▲AMD's CDNA 4 Architecture Announcementchipsandcheese.com

160 points by rbanffy 20 hours ago | 31 comments

jauntywundrkind 19 hours ago [-]

Faster small matrix, for AI. Yup, that seems like good fit for what folks want.

Supercharging the Local Data Share (LDS) that's shared by threads is really cool to hear about. 64 -> 160KB size. Writes into LDS go from 32B max to 128B, increasing throughout. Transposes, to help get the data in the right shape for its next use.

Really really curious to see what the UDNA unified next gen architectures look like, if they really stick to merging Compute and Radeon CDNA and RDNA, as promised. If consumers end up getting multi-die compute solutions that would be neat & also intimidatingly hard (lots of energy spent keeping bits in sync across cores/coherency). After Navi 4X ended up having its flagship cancelled way back now, been wondering. I sort of expect that this won't scale as nicely as Epyc being a bunch of Ryzen dies. https://wccftech.com/amd-enthusiast-radeon-rx-8000-gpus-alle...
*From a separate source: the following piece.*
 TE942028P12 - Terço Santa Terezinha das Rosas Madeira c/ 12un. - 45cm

robjeiter 19 hours ago [-]

When looking at inference is AMD already on par with Nvidia?

moondistance 18 hours ago [-]

Yes, for many applications.

Meta, OpenAI, Crusoe, and xAI recently announced large purchases of MI300 chips for inference.

MI400, which will be available next year, also looks to be at least on par with Nvidia's roadmap.
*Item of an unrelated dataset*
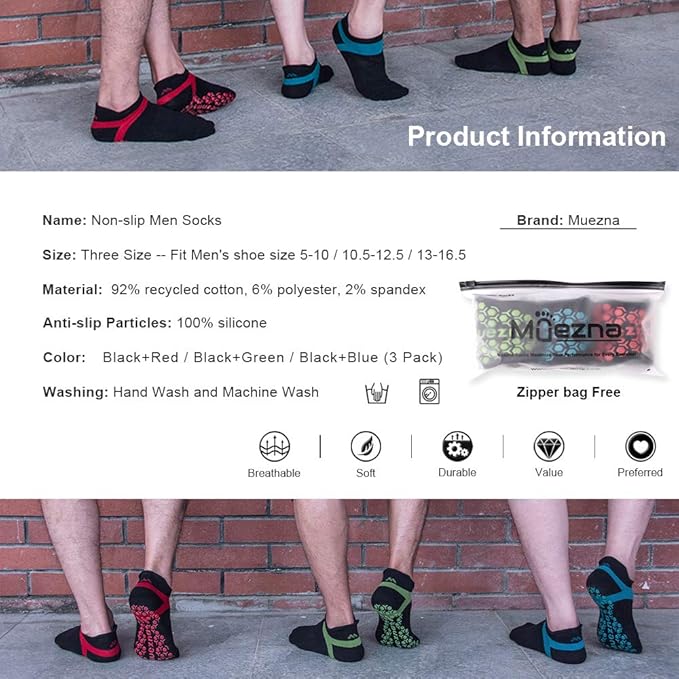Muezna Men's Non-Slip Yoga Socks, Anti-Skid Pilates, Barre, Bikram Fitness Hospital Slipper Socks with Grips

moondistance 18 hours ago [-]

(this is also why AMD popped 10% at open yesterday - this is a new development and talks from their 2025 "Advancing AI" event were published late last week + over the weekend)

christkv 18 hours ago [-]

Is the software stack still lacking?

OneDeuxTriSeiGo 18 hours ago [-]

Yeah it's still a few years behind but it's getting better. They are hiring software and tooling engineers like crazy. I keep tabs on some of the job slots companies have in our area and every time I check AMD they always have tons of new slots for software, firmware, and tooling (and this has been the case for ~3 years now).

They've been playing catch up after "the bad old days" when they had to let a bunch of people go to avoid going under but it looks like they are catching back up to speed. Now it's just a matter of giving all those new engineers a few years to get their software world in order.

storus 17 hours ago [-]

They pay hardware rates to software engineers (principal engineer at the salary level of a decent fresh graduate) so I won't be too optimistic about them attracting software people that would propel them forward.

OneDeuxTriSeiGo 17 hours ago [-]

At least where I live (very much not west coast), their SW and HW rates are at or above what we normally see in this area.

latchkey 16 hours ago [-]

Stock is undervalued. If you get in now and it pops over the next few years, it'll likely make up for lower compensation.

MegaButts 12 hours ago [-]

You don't need to work at AMD to buy their stock.

latchkey 12 hours ago [-]

True, but if you don’t have a job, where’s the money for buying stock coming from?

alemanek 11 hours ago [-]

If you are what AMD needs to catch up then you can just go work for NVidia for 3x the pay. This market sucks but top tier engineers in the niche they need are not a dime a dozen.

latchkey 9 hours ago [-]

It isn't always about the money.

11 hours ago [-]

iszomer 11 hours ago [-]

We're forbidden to trading our own stock anyway, SEC regulation on insider trading and all.

almostgotcaught 12 hours ago [-]

You're "talking your book".

varelse 16 hours ago [-]

[dead]

zombiwoof 11 hours ago [-]

They pay terrible and still have legacy old guard managers. If you try to innovate on software you should look elsewhere or really make sure your manager knows what’s what

martinald 14 hours ago [-]

FWIW for the first time in 2+ years I managed to compile llama.cpp with ROCm out of the box and run a model with no problems* on Linux (actually under WSL2 as well), with no weirdness or errors.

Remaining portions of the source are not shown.